*Stored data*
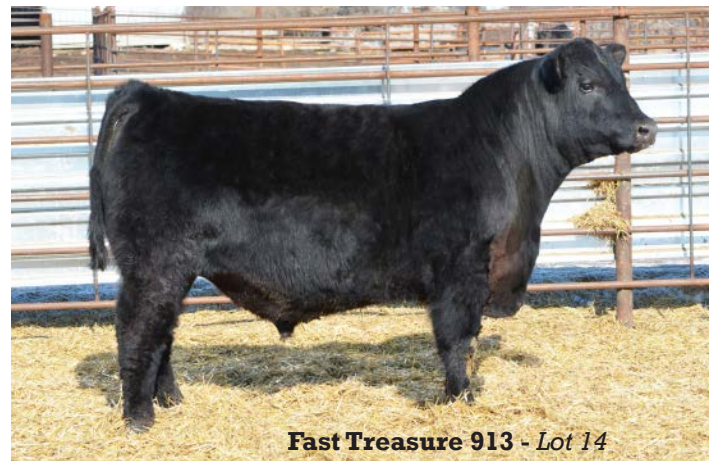
Fast Treasury 913 - Lot 14

Suitable for larger frame heifers or cows. A well made, structurally correct bull that has the ideal conformation for calving ease. This is his dam's first calf, a Capitalist 414 daughter with perfect udder and good maternal traits. He posts a +.77 for Marb and a +63 for $G which qualifies him for CAB.
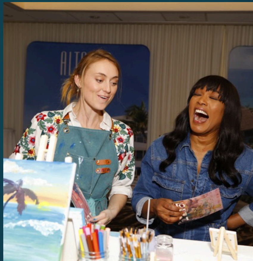
Angela Bassett Having a laugh

*Problem*
Omit the pictures, then set down all the remaining data exactly as given.

*Written answer*
Fast Treasury 913 - Lot 14

Suitable for larger frame heifers or cows. A well made, structurally correct bull that has the ideal conformation for calving ease. This is his dam's first calf, a Capitalist 414 daughter with perfect udder and good maternal traits. He posts a +.77 for Marb and a +63 for $G which qualifies him for CAB.
Angela Bassett Having a laugh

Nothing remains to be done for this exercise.